Magistrado ponente: Iván Mauricio Lenis Gómez

Decreto 2591 de 1991

Radicado n.° 64916 IVÁN MAURICIO LENIS GÓMEZ Magistrado ponente STL15617-2021 Radicado n.° 64916 Acta 43 Barranquilla, diez (10) de noviembre de dos mil veintiuno (2021). La Corte decide la acción de tutela que RAFAEL ENRIQUE POLO ARAÚJO instaura contra la SALA CIVIL - FAMILIA - LABORAL DEL TRIBUNAL SUPERIOR DE VALLEDUPAR, actuación a la que se vincula al JUEZ PRIMERO LABORAL DEL CIRCUITO DE CHIRIGUANÁ - CESAR.

I.

ANTECEDENTES El accionante promueve el mecanismo que ocupa la atención de la Sala con el propósito de obtener el amparo de sus derechos fundamentales al trabajo, dignidad, debido proceso y libertad de asociación sindical. Para respaldar su solicitud, narra que el 23 de marzo de 2010 celebró contrato de trabajo a término indefinido con la sociedad Drummond Ltda. y, en vigencia del vínculo contractual, lo eligieron secretario de la junta directiva del sindicato Sintraminal.
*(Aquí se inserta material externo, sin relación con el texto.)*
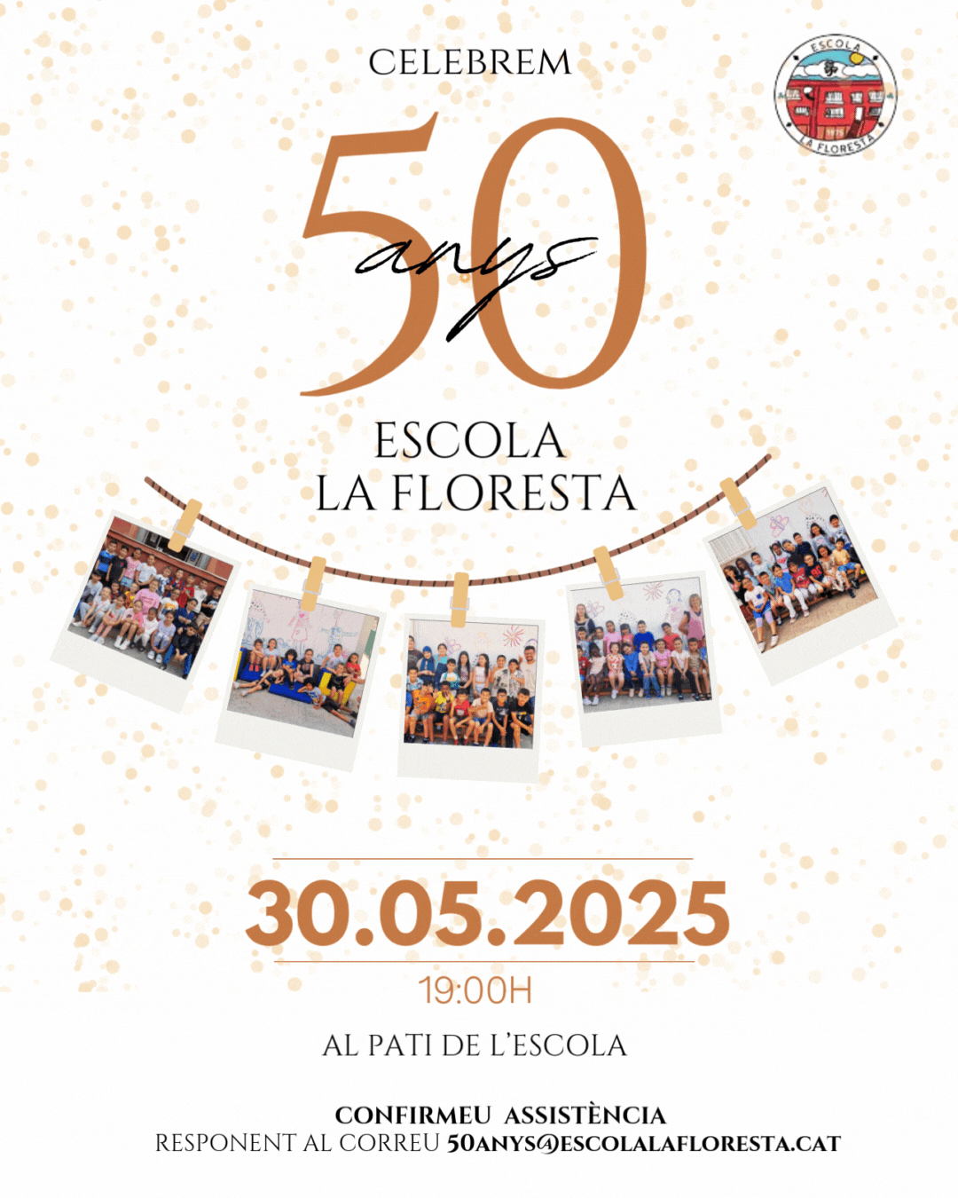 divendres 30 de maig a les 19h al pati de l’escola: celebració i trobada d’antics alumnes, docents i altre personal que han tingut relació amb l’escola al llarg d’aquests 50 anys. (si teniu clar que vindreu, ens hauríeu d’enviar un correu amb el vostre nom i cognoms i relació amb l’escola al correu 50anys@escolalafloresta.cat per tal de tenir una previsió de participació).

Indica que su empleadora instauró demanda especial de fuero sindical en su contra para que se autorice el levantamiento de la garantía foral y se le permita terminar su contrato de trabajo con justa causa, con ocasión de un incidente y daño acaecido en la operación de un camión de su propiedad. Refiere que el asunto se asignó al Juez Laboral del Circuito de Chiriguaná - Cesar, autoridad que, mediante sentencia de 25 de septiembre de 2020, accedió a las pretensiones de la demanda.

Señala que presentó recurso de apelación contra la decisión anterior y, por medio de fallo de 24 de agosto de 2021, la Sala Civil - Familia - Laboral del Tribunal Superior de Valledupar la confirmó. Cuestiona que las autoridades judiciales encausadas vulneraron sus derechos fundamentales, pues no valoraron el material probatorio que da cuenta que en el momento del incidente no estaba bajo la influencia de « narcóticos o drogas enervantes ».

De igual forma, reprocha que no se tuvieron en cuenta los exámenes médicos aportados para tal fin. Conforme lo anterior, solicita que se protejan las prerrogativas constitucionales que invoca y que, como medida para restablecerlas, se deje sin efecto jurídico la sentencia de segunda instancia de 24 de agosto de 2021. En su lugar, requiere que se ordene al juez plural encausado proferir una decisión de remplazo favorable a sus pretensiones.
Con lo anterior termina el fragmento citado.